Similarly, if there are no statistics on the child table in a Primary Key-Foreign Key relationship, and statistics exist for the parent table PK column, many of its demographics, such as number of unique values, can be derived and used for the FK column in the child table. This information can be used for single‑table estimates and in join planning for join cardinality and rows per value estimates. These kinds of estimates can also be useful for large child tables in those situations where collecting statistics is prohibitively expensive.

This mechanism can be effectively used in conjunction with non‑enforced referential integrity constraints (also known as soft referential integrity constraints) to provide child table demographic information to the Optimizer without collecting statistics.

Note that this mechanism assumes that the child table has all the values of the parent table.

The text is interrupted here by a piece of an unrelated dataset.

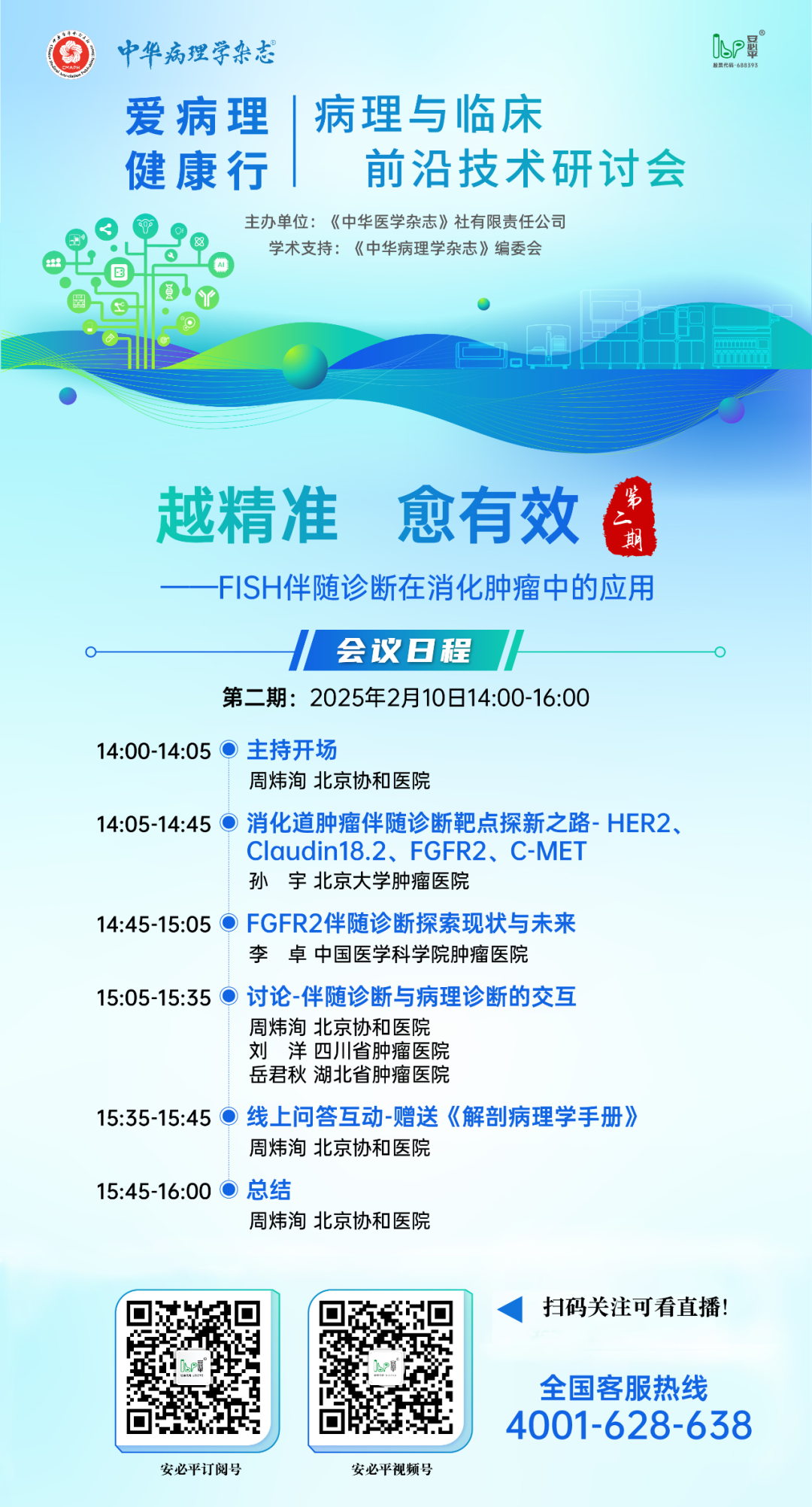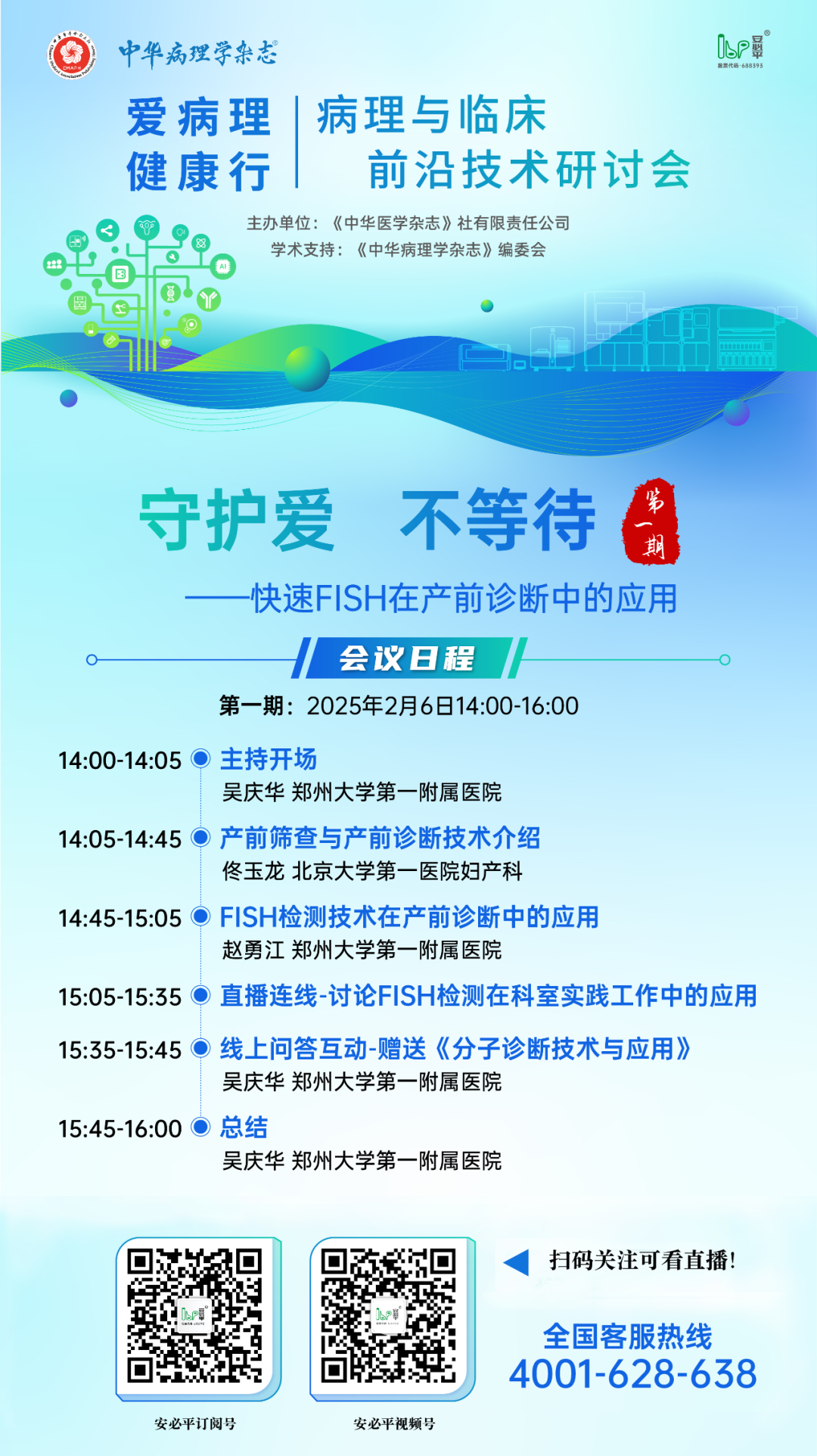 最近,大家都会习惯说 “节后再议”“回来规划”… 但,其实很多事情需提前列入日程中 下面推荐 未来一年学习计划不可少系列课程 第一期: 守护爱,不等待——快速FISH在产前诊断中的应用 第一期设定在2 月 6 日,以“产前诊断”为主题,邀请了多名国内遗传学专家,聚焦FISH 检测技术在产前诊断中的应用,开展对当下减少出生缺陷、降低家庭和社会医疗负担等话题。 产前诊断(Prenatal Diagnosis)作为提高出生人口素质的重要手段。产前诊断技术不断发展,逐步从传统的侵入性诊断向非侵入性精准诊断转变。FISH技术检测染色体数目、结构和基因的异常,对于许多常见的遗传性疾病、染色体异常等起到了关键作用,尤其在染色体非整倍体、基因突变、微缺失综合征等方面具有重要应用价值。 安必平产前诊断染色体数目检测试剂盒作为国内FISH检测平台唯一三类证产品,拥有快速检测的优势,快速出结果,缓解孕妇的焦虑,非侵入性的FISH检测有助于进一步降低风险,提升诊断的安全性和便捷性。 第二期: 越精准,愈有效——FISH伴随诊断在消化肿瘤应用 第二期设定在 2 月 10 日,以“伴随诊断”为主题,诚邀国内著名的消化病理专家,开展消化道肿瘤伴随诊断靶点探新之路,推动伴随诊断领域探索。 结直肠癌、胃癌、食管癌等是在我国恶性肿瘤中发病率居于高位的消化道肿瘤疾病。随着筛查诊断技术不断提升,消化道肿瘤靶向治疗方案持续创新。伴随诊断的发展中,病理诊断尤其是分子病理包含了蛋白、FISH、PCR以及NGS等众多技术平台这些年在消化道等肿瘤诊疗中发挥越来重要的作用。 本次系列会议由《中华医学杂志》社有限责任公司、《中华病理学杂志》编辑委员会,广州安必平医药科技股份有限公司携手筹办。安必平作为国内精准诊断领域的上市企业,拥有数字AI赋能的液基细胞学(LBC)、免疫组织化学(IHC)、荧光原位杂交(FISH)、聚合酶链式反应(PCR)四大技术平台,多年不断探索更多与药物绑定的靶点检测,同时持续跟进药企的靶点开发,与时俱进,为伴随诊断赋能,争取让检测技术更加精进,服务精准医疗,服务患者,让患者获得更多的生存希望。 本次系列会议结合安必平多个创新技术平台,携手各领域顶尖专家,打造精彩纷呈的多样化主题,更多研讨直播,将接踵而至,敬请期待! 为了不让大家错过直播时间,请点解链接预约! |

If there is only a subset of values, or if the value set in this join column is significantly skewed, then you should collect statistics on the child column to avoid skewed redistributions and underestimates of cardinalities.

The derived statistics framework collects this kind of information from CHECK and referential constraints in the prejoin planning stage of query optimization and propagates them from there to the join planning stage.

The following table definitions are used for the query that illustrates the flow of derived statistics usage by the Optimizer to generate more accurate cardinality estimates.

`     CREATE TABLE t1 (`
`       a1 INTEGER, `
`       b1 INTEGER, `
`       c1 CHARACTER(5), `
`       d1 DATE);`
` `
`     CREATE TABLE t2 (`
`       a2 INTEGER PRIMARY KEY, `
`       b2 INTEGER, `
`       c2 CHARACTER(1) CHECK (c2 IN ('M', 'F')), `
`       d2 DATE);`
` `
`     CREATE TABLE t4 (`
`       a4 INTEGER REFERENCES t2.a2, `
`       b4 INTEGER, `
`       c4 CHARACTER(1), `
`       d4 DATE );`

Given these table definitions, the flow chart that follows shows how the Optimizer uses derived statistics based on CHECK and referential integrity constraints to more accurately estimate cardinalities for the following query using.

`     SELECT *`
`     FROM t1, t2, t4`
`     WHERE c1 = ‘MSFT’`
`     AND   b1 > 30`
`     AND   b4 = b1`
`     AND   a1 = a4`
`     AND   c2 = c4;`

The stages of deriving various statistics for this query are as follows.

1 Refine and derive base table statistics using CHECK and referential integrity constraints.

• No statistics have been collected on t4.a4, but statistics have been collected on t4.a2, and there is a referential integrity constraint from t4.a2 to t4.a4.
• Using this RI constraint to infer that the unique cardinalities must be identical for the 2 columns, the system inserts the number of unique values for t4.a2 into the derived statistics for t4.a4 (see “Statistical Inheritance by Hash and Join Indexes” on page 220 and “Using CHECK Constraints and Referential Integrity Constraints to Derive Column Demographics” on page 227).

• No statistics have been collected on t2.c2, but t2.c2 has a CHECK constraint that limits its possible values to only 2 (M or F), so the system inserts that value into the derived statistics for t2.c2 (see “Using CHECK Constraints and Referential Integrity Constraints to Derive Column Demographics” on page 227).
• 2 Join tables t1 and t4, consuming the terms b4=b1 and a1=14 and producing the interim join relation R1.

3 Join interim relation R1 with t2, consuming the term c2=c4 and producing the join relation R2 with the following set of derived statistics cardinalities.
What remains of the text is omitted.